Binary Tree Inorder Traversal - LeetCode 94 Solution in python

Binary Tree Inorder Traversal easy

Problem Statement

Given the root of a binary tree, return the inorder traversal of its nodes' values.

Example 1

Input: root = [1,null,2,3] Output: [1,3,2]

Example 2

Input: root = [] Output: []

Steps

The inorder traversal of a binary tree follows this recursive pattern:

Traverse the left subtree recursively.
Visit the root node.
Traverse the right subtree recursively.

To implement this iteratively, we can use a stack to simulate the recursion.

Explanation

The iterative approach uses a stack to keep track of nodes to visit. We start by pushing the root node onto the stack. Then, we repeatedly pop a node from the stack. If the node has a left child, we push the left child and all its left descendants onto the stack (this ensures we process the left subtree completely before the root). After processing the left subtree (or if there's no left subtree), we visit the node (add its value to the result), and then push its right child (if it exists) onto the stack.
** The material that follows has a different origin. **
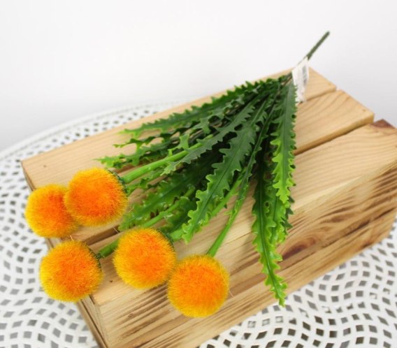 Bukiet futrzane kulki ping pong pomarańczowe 38cm 5 kwiatów 4szt. | LAN-103D
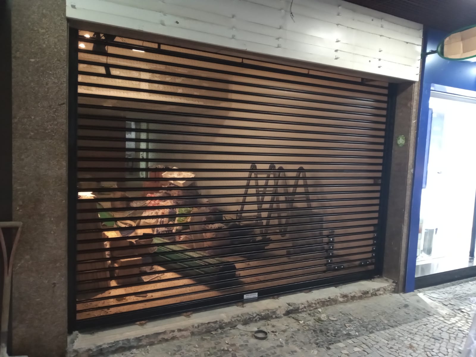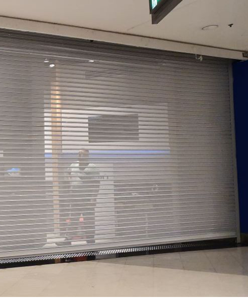 Modelo perfurado que permite visibilidade e ventilação, muito usado em shoppings, galerias e lojas de alto padrão, unindo proteção e exposição de produtos.

This process continues until the stack is empty.

Code

#include <vector>
#include <stack>

/**
 * Definition for a binary tree node.
 * struct TreeNode {
 *     int val;
 *     TreeNode *left;
 *     TreeNode *right;
 *     TreeNode() : val(0), left(nullptr), right(nullptr) {}
 *     TreeNode(int x) : val(x), left(nullptr), right(nullptr) {}
 *     TreeNode(int x, TreeNode *left, TreeNode *right) : val(x), left(left), right(right) {}
 * };
 */
class Solution {
public:
    std::vector<int> inorderTraversal(TreeNode* root) {
        std::vector<int> result;
        std::stack<TreeNode*> s;
        TreeNode* curr = root;

        while (curr != nullptr || !s.empty()) {
            while (curr != nullptr) {
                s.push(curr);
                curr = curr->left;
            }
            curr = s.top();
            s.pop();
            result.push_back(curr->val);
            curr = curr->right;
        }

        return result;
    }
};

Complexity

Time Complexity: O(N), where N is the number of nodes in the tree. We visit each node exactly once.
Space Complexity: O(H), where H is the height of the tree. In the worst case (a skewed tree), the space complexity can be O(N), but in a balanced tree, it would be O(log N). This is due to the space used by the stack, which can hold at most H nodes.